■ **Goal of the exercise**
Among the entries below, the lines from the one with "Dictionnaire analogique et" up to and including the one with "9月19日上午,2020湖南" are to be restated exactly, without pictures.

------------

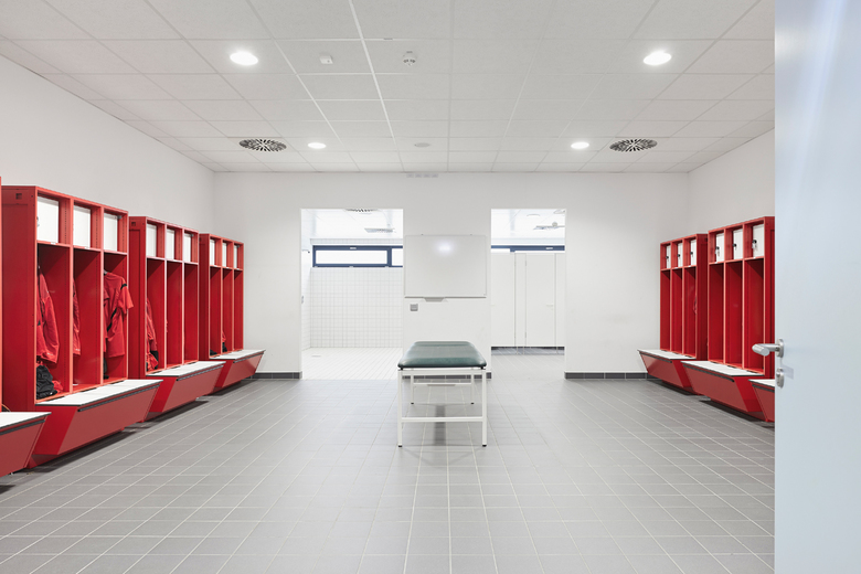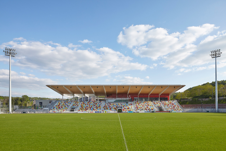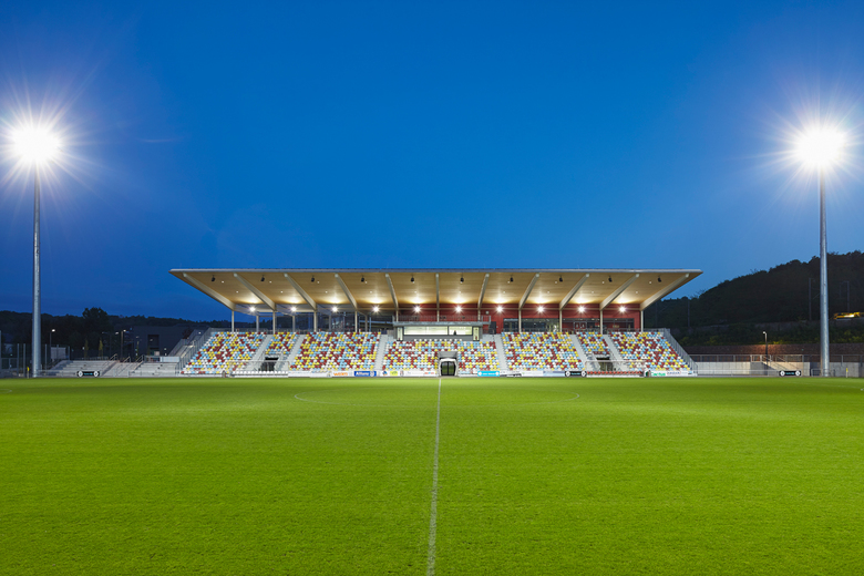 Für die Tribünenanlage wurde ein rechteckiger Grundriss gewählt, der sich nach Süden zur Straße hin geschlossen und nach Norden zu den Spielfeldern hin offen präsentiert. Um den Dialog zwischen dem Foyer bzw. dem Zuschauerbereich des Tribünengebäudes und dem öffentlichen Platz zu verstärken, wurde die geschlossene Fassade des Gebäudes an der Eingangsseite in eine Lamellenstruktur aufgelöst. Dies ermöglicht es dem Körper seine klare Geometrie zu behalten, ohne den Stadtraum zu beengen und gleichzeitig öffnet es die Sichtbeziehung zwischen dem Zuschauer und dem städtischen Raum.
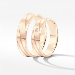 Oferujemy luksusowe obrączki ślubne z nietypowej odmiany złota. Wykonany z różowego kruszcu zestaw to wspaniały przykład na biżuteryjny projekt łączący w sobie klasykę i nowoczesność. Dopracowana do perfekcji biżuteria to nasza specjalność. Tworzymy krążki eleganckie i wieczne, jak Wasza miłość.
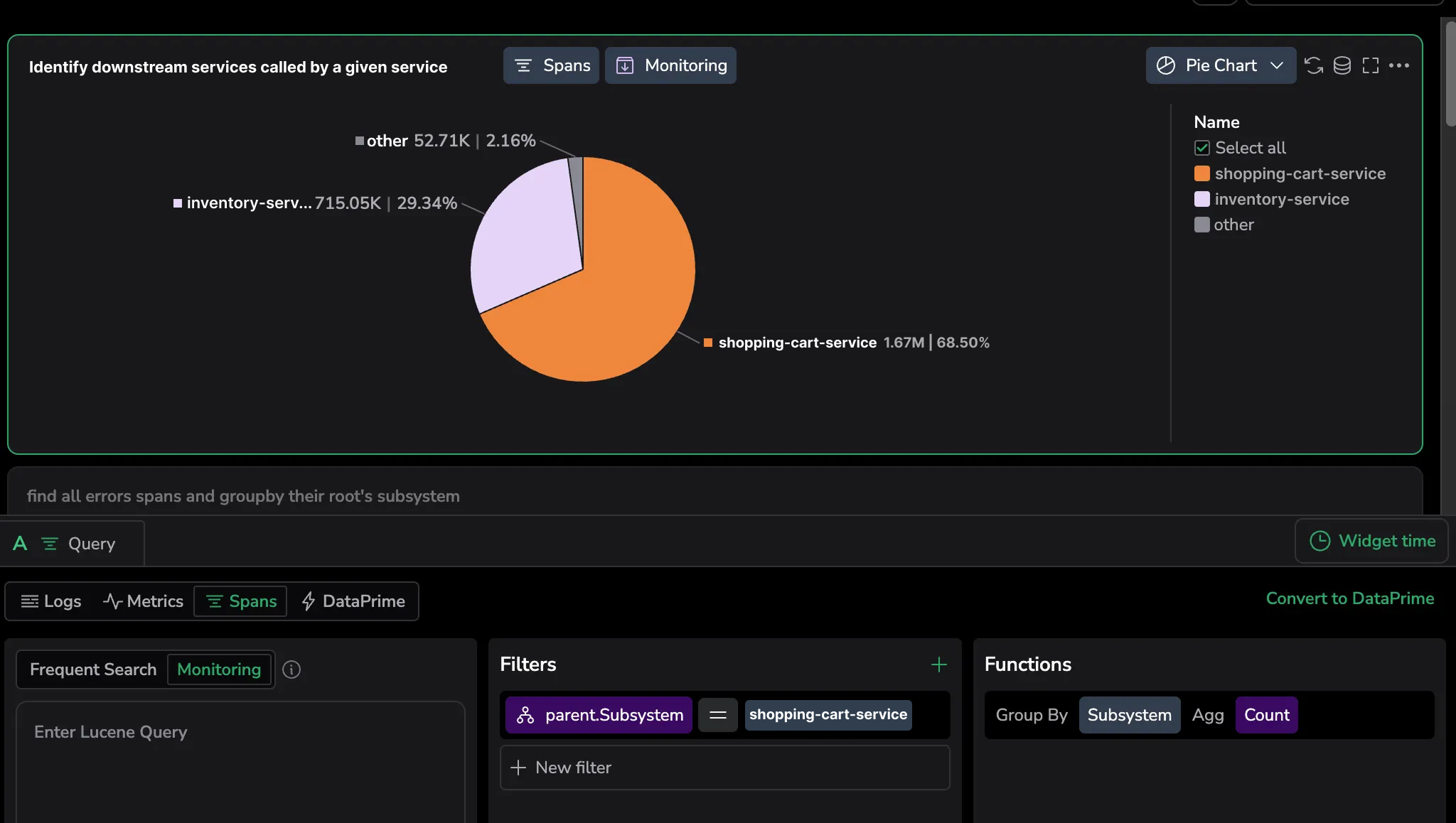 See all spans whose parent belongs to a specific service (for example, shopping-cart-service) and visualize the distribution of downstream calls.
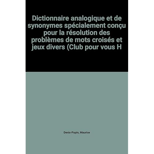 Dictionnaire analogique et de synonymes spcialement conu pour la rsolution des problmes de mots croiss et jeux divers Club pour vous Hachette
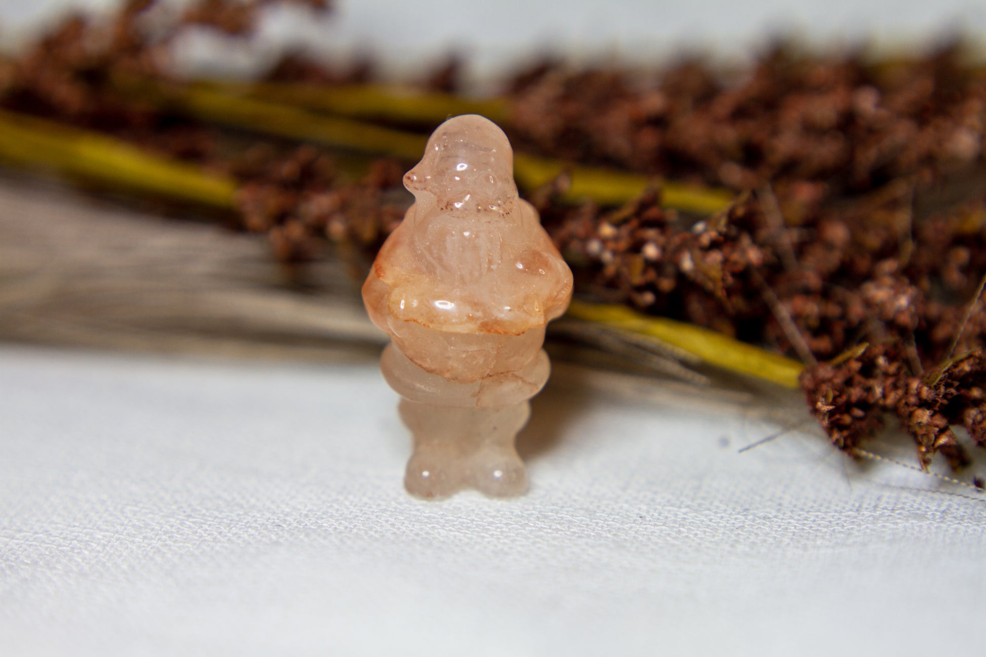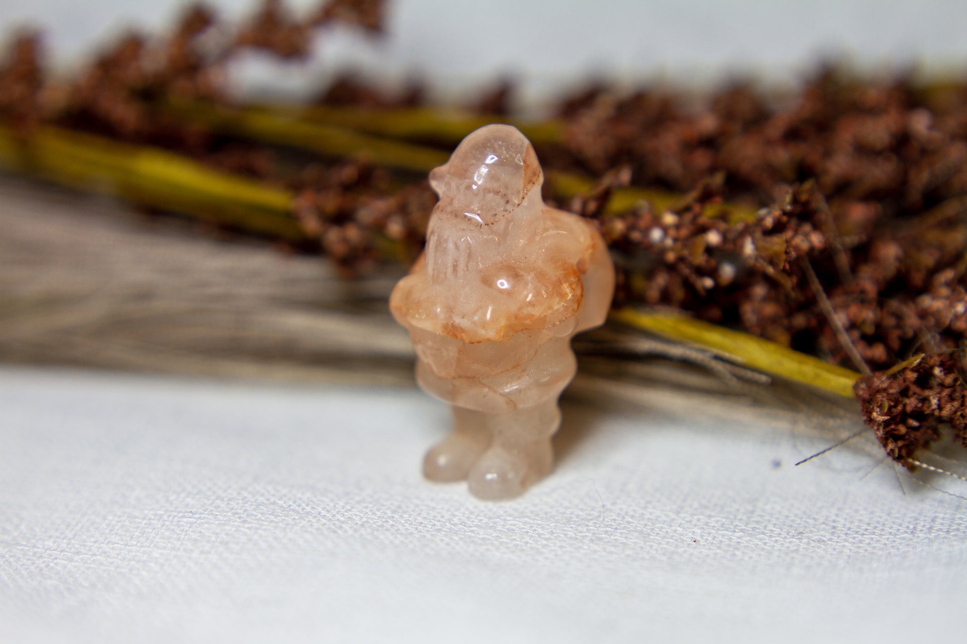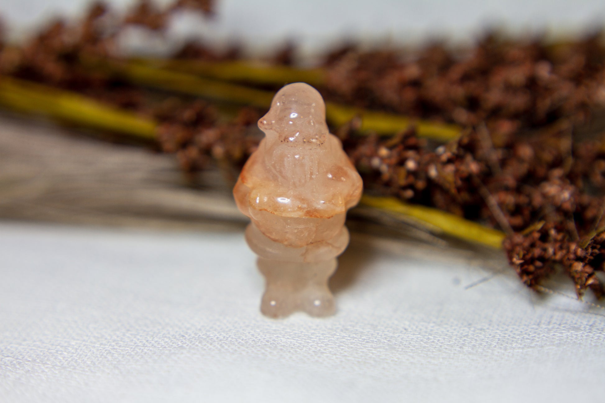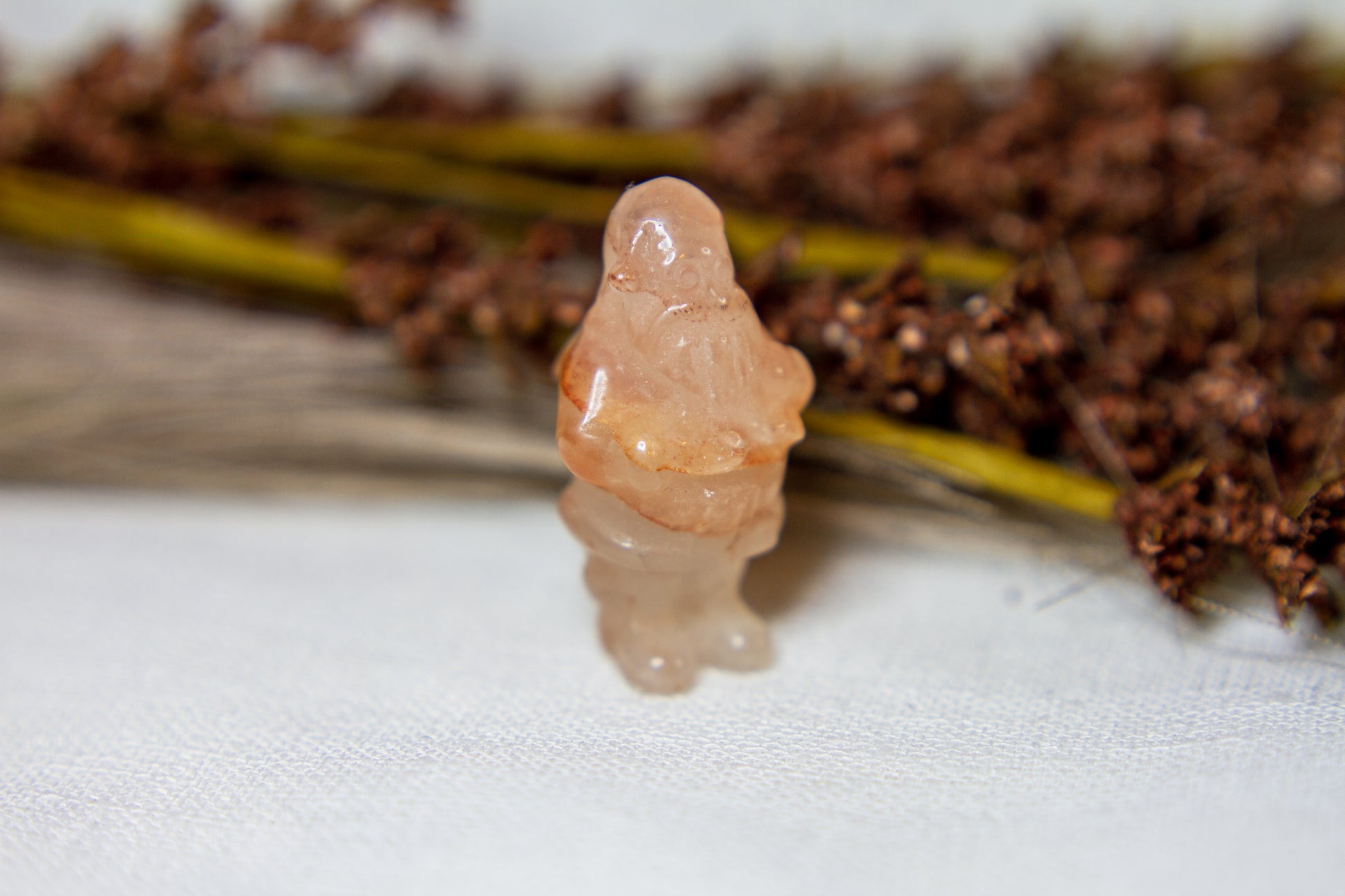 Otroligt vÀlgjord, varm och glÀnsande jultomte i kristallen golden healer. Tomten Àr klar och  tydlig med varma linjerade inklusioner av djup golden healer, och Àr ca 4,1cm hög!
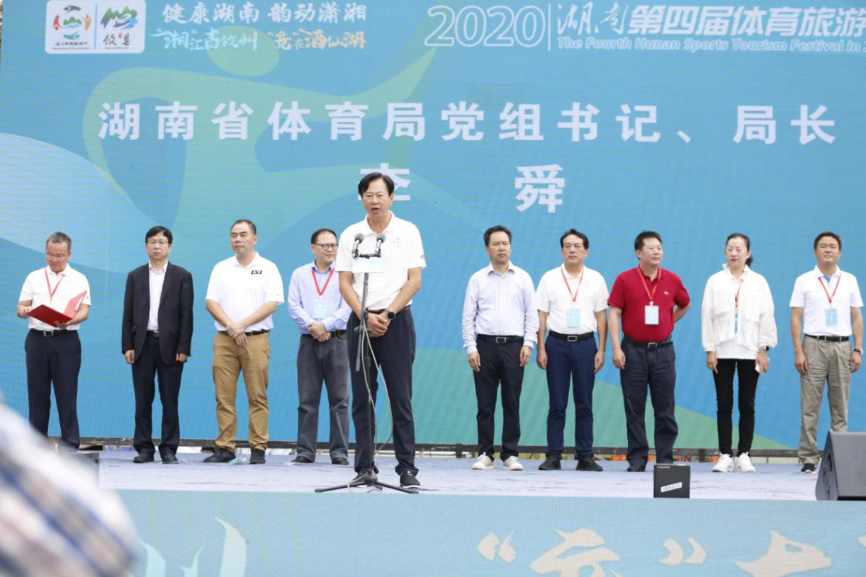 9月19日上午,2020湖南第四届体育旅游节在株洲攸县酒仙湖景区开幕。湖南省体育局党组书记、局长李舜,湖南省文化和旅游厅一级巡视员王超祥,中共湖南省委宣传部部务会成员、省文资委专职副主任刘尤碧,株洲市人民政府副市长杨胜跃,攸县县委书记康月林,城发集团党委书记、董事长谭跃飞等领导出席开幕式,湖南省部分县区文旅、体育部门负责人和运动员、裁判员1000多人参加活动。
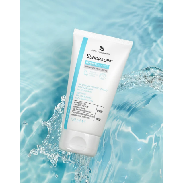 Krem do włosów HYDRO BALANCE to intensywna pielęgnacja dla włosów potrzebujących nawilżenia, odżywienia i regeneracji. Produkt jest przeznaczony do każdego rodzaju włosów, szczególnie przesuszonych. Bezsilikonowa formuła pomaga poprawić wygląd i kondycję włosów, ułatwia rozczesywanie oraz wspiera gładkość i blask bez obciążania.
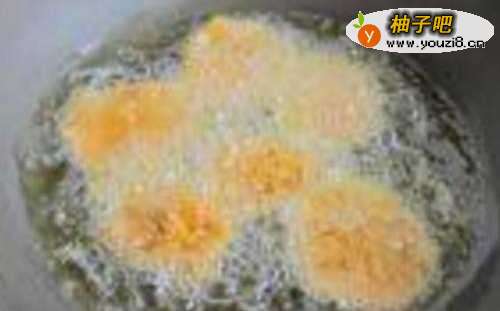 4锅中倒油,炸裹淀粉的土豆片,炸至金黄捞出控油
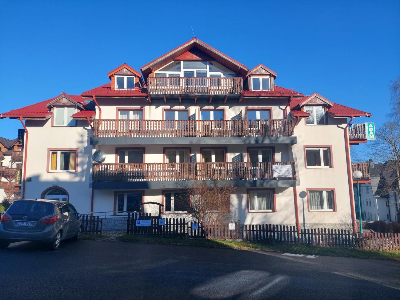 Obiekt Gościniec Adam, usytuowany w miejscowości Szklarska Poręba, oferuje ogród, prywatny parking, wspólny salon oraz taras. Odległość ważnych miejsc od obiektu: PKS Szklarska Poręba – 1 km. Oferta pensjonatu B&B obejmuje bezpośredni dostęp do stoku narciarskiego. W okolicy znajdują się ciekawe miejsca takie jak: Kolejka Izerska ( 1,8 km), Wodospad Szklarki ( 3,3 km). Oferta pensjonatu B&B obejmuje pokoje rodzinne.
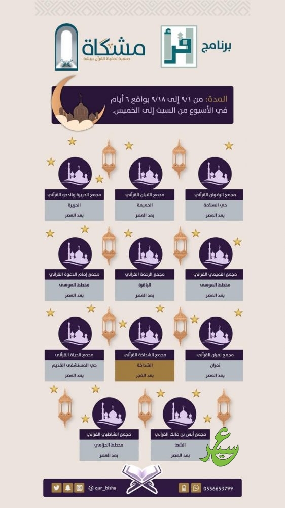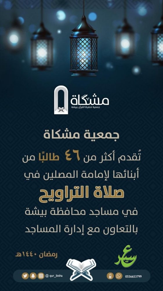 قدمت جمعية مشكاة لتحفيظ القرآن الكريم ببيشة أكثر من 46 طالبًا من أبنائها لإمامة المصلين في صلاة التراويح في مساجد المحافظة بالتعاون مع إدارة المساجد ببيشة، تأتي هذه المبادرة للعام الثاني على التوالي . حيث تقدم الجمعية لأبنائها برنامجًا تأهيليًا في شهري رجب وشعبان ومن ثم توزيعهم على المساجد لسد الاحتياج وتغذية المساجد بأئمة أكفاء، هذه المبادرة التي لاقت صدى وقبول في المجتمع تأتي ضمن باقة من البرامج القرآنية التي تقدمها الجمعية لكافة أفراد المجتمع رجالاً ونساءًا كبارًا وصغارًا لتعليم وتحفيظ القرآن الكريم والتلقين وتصحيح التلاوة للأطفال وكبار السن في عدد من المواقع في أنحاء محافظة بيشة ، كما هو موضح بالاعلان المرفق ، علاوة على الحلقات الخاصة بعمال البلدية يتعلمون من خلالها القراءة الصحيحة للقرآن الكريم والحفظ والمراجعة ، والجمعية تسعى جاهدة لتقديم كل ما من شأنه اتساع رقعة الخيرية وتعليم كتاب الله .

------------

■ **Solved exercise**
 Dictionnaire analogique et de synonymes spcialement conu pour la rsolution des problmes de mots croiss et jeux divers Club pour vous Hachette
 Otroligt vÀlgjord, varm och glÀnsande jultomte i kristallen golden healer. Tomten Àr klar och  tydlig med varma linjerade inklusioner av djup golden healer, och Àr ca 4,1cm hög!
 9月19日上午,2020湖南第四届体育旅游节在株洲攸县酒仙湖景区开幕。湖南省体育局党组书记、局长李舜,湖南省文化和旅游厅一级巡视员王超祥,中共湖南省委宣传部部务会成员、省文资委专职副主任刘尤碧,株洲市人民政府副市长杨胜跃,攸县县委书记康月林,城发集团党委书记、董事长谭跃飞等领导出席开幕式,湖南省部分县区文旅、体育部门负责人和运动员、裁判员1000多人参加活动。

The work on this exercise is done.